Returns the marginal density p(y|phi) by marginalizing out the latent gaussian variable theta, with a Laplace approximation. See the laplace_marginal function for more details. The data y is assumed to be real. The function is "overloaded" below for the int y and lpmf case.
propto | If FALSE, log density is computed up to an additive const. |
LFun | The function which returns the log likelihood. |
LArgs | A tuple of arguments to the log likelihood. |
EtaVec | The type of the parameter arguments for the likelihood fn. |
CovarFun | A functor with an operator()(CovarArgsElements..., {TrainTupleElements...| PredTupleElements...}) method.
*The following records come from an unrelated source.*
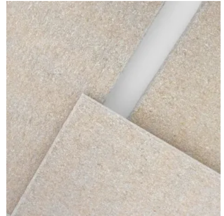
Selecta Hemp in Natur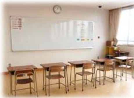
そだちの教室（鶴が台小学校）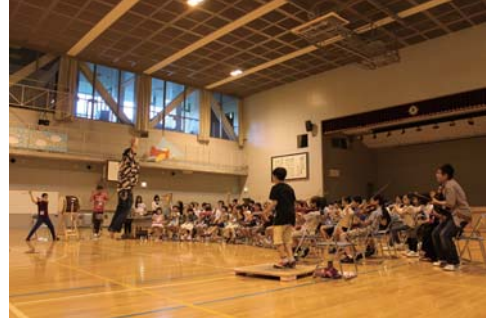
さっぽろコレクティブ・オーケストラ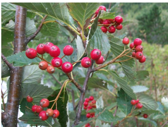
Slika 2. Plod mukinje ( Sorbus aria (L.) Crantz)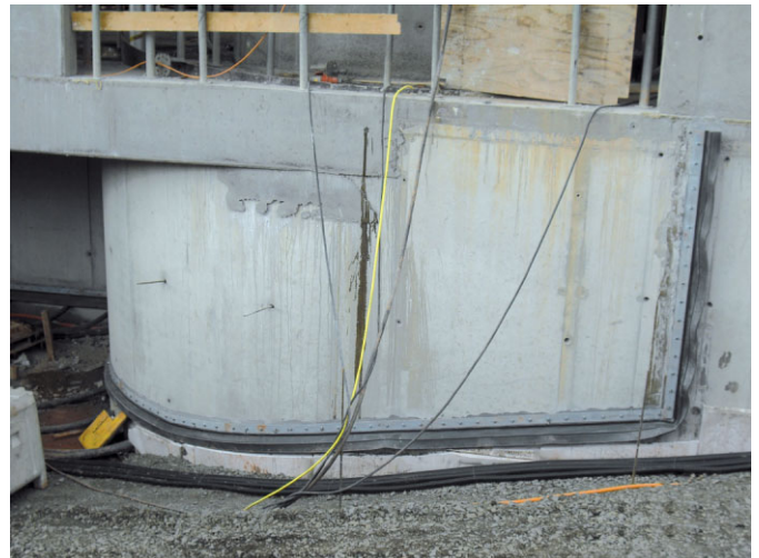
Bild 7. Innenliegendes Klemmfugenband aus Nitrilkautschuk, Montage mit Polymerquellpaste

tion des Fugenbandsystems nach Plan, ist nur in den seltensten Fällen möglich, da sich erst nach Freilegung des Bauteilanschlussbereiches die tatsächliche Fugenbandgeometrie zeigt, u. U. sind Betonschneidarbeiten zur Erzielung einer Konstruktionsfläche erforderlich.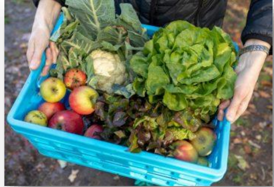
Figuur II Streekproducten

Met landbouw dichtbij wordt bedoeld dat landbouwproductie in de regio (biologisch) plaats vindt en dient als voedselvoorziening voor omliggende dorpen en steden in plaats van de wereldmarkt. Een sterk thema kan zijn dat alle (agrarische) ondernemers in het gebied een duurzaam plan hebben en starten of omschakelen naar circulair produceren en nieuwe teelten, rekening houdend met de opkomende andere waterhuishouding in het gebied. De opkomende behoefte van consumenten is dat voedsel met weinig milieudruk (transport) en dichtbij is geproduceerd. Hieraan gekoppeld zou een gedachte kunnen ontstaan van een lokale markt, waarbij de inwoners van de regio hoofdafnemer worden van het lokaal geteelde voedsel. Meer 'gevoel' en 'verantwoordelijkheid' van de consument bij de productie van ons voedsel en de (schaarse) beschikbare ruimte die we daarvoor nodig hebben.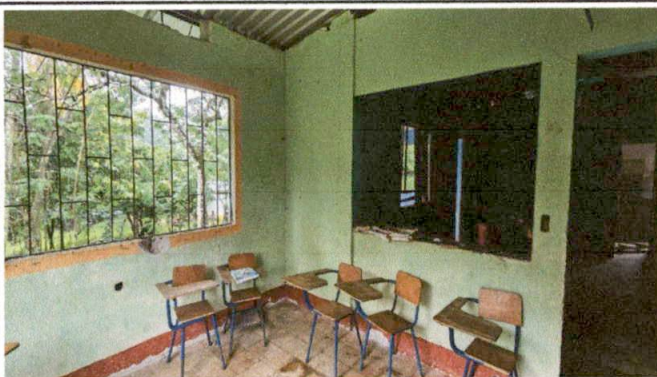
Foto 9: COLOCACION DE VENTANAS DE PVC EN AULAS DE CENTRO EDUCATIVO.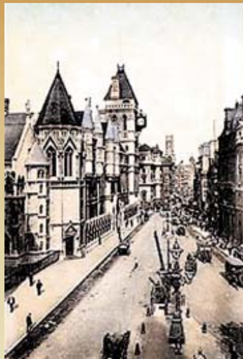
ЛОНДОН ВО 1925 ГОДИНА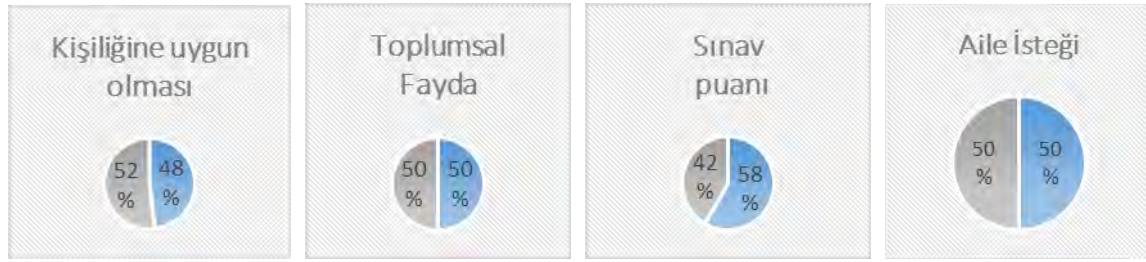
Şekil 3. Öğretmen adaylarının öğretmenlik mesleğini seçme nedenleri

Şekil 3’de oransal olarak değerlendirildiğinde; kız öğretmen adaylarının öncelikle kişilik özelliklerine uygun olması sebebiyle, öğretmenlik mesleğini tercih ettiği (% 52), toplumsal fayda (%50) ve aile isteğini (%50) ikinci planda tuttukları ve son olarak sınav puanı yeterli olduğu için (%42) öğretmenlik programına kayıt olmayı tercih ettikleri anlaşılmaktadır. Erkek öğretmen adaylarının da, toplumsal fayda (%50) ve aile isteğini (%50) eşit oranda değerlendirdiği, ancak daha çok sınav puanının yetmesinin (%58) sebebiyle öğretmenlik programına kayıt yaptırdığı anlaşılmaktadır. Kızlarla kıyaslandığında erkek öğretmen (%48) adaylarının kişiliğine uygun olmasını öncelikli değerlendirmede anlaşılmaktadır. Aşağıda bazı öğretmen adaylarının bu konuda yaptıkları açıklamalardan alıntılar sunulmuştur.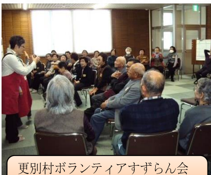
更別村ボランティアすずらん会 “ふれあい昼食会” <28/12/5>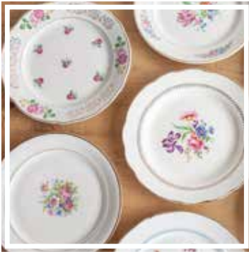
26043 TELLER GEBLÜMT GROSS 23-25 cm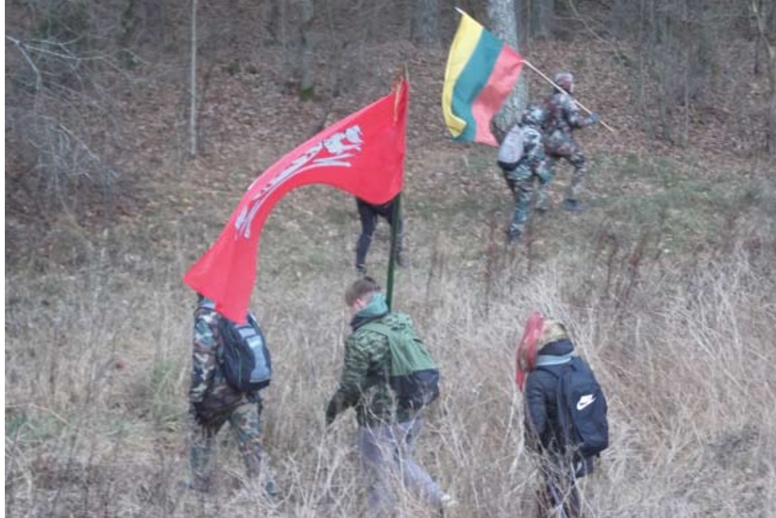
„Mažoji gvardija“ žengia per šilus, kalvas ir slėnius...

Mažoji jaunųjų šaulių ir piliečių gvardija įveikė beveik septyniolikos kilometrų istorinės atminties kelią, taip svarbias sukaktis paminėjusi bei kovotojus už laisvę pagerbusi.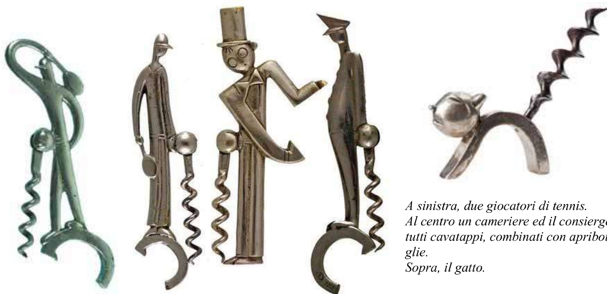
A sinistra, due giocatori di tennis. Al centro un cameriere ed il consierge, tutti cavatappi, combinati con apribottiglie. Sopra, il gatto.

The operator() method should accept as arguments the inner elements of CovarArgs . The return type of the operator() method should be a type inheriting from Eigen::EigenBase with dynamic sized rows and columns. |
CovarArgs | A tuple of types to passed as the first arguments of CovarFun::operator() |
[in] | L_f | a function which returns the log likelihood. |
[in] | l_args | A tuple of arguments to pass to the log likelihood. |
[in] | covariance_function | a function which returns the prior covariance. |
[in] | covar_args | arguments for the covariance function. |
[in] | theta_0 | the initial guess for the Laplace approximation. |
[in] | tolerance | controls the convergence criterion when finding the mode in the Laplace approximation. |
[in] | max_num_steps | maximum number of steps before the Newton solver breaks and returns an error. |
[in] | hessian_block_size | Block size of Hessian of log likelihood w.r.t latent Gaussian variable theta. |
[in] | solver | Type of Newton solver. Each corresponds to a distinct choice of B matrix (i.e. application SWM formula): 1. computes square-root of negative Hessian. 2. computes square-root of covariance matrix. 3. computes no square-root and uses LU decomposition. |
[in] | max_steps_line_search | Number of steps after which the algorithm gives up on doing a line search. If 0, no linesearch. |
[in,out] | msgs | stream for messages from likelihood and covariance |
Definition at line 31 of file laplace_marginal.hpp.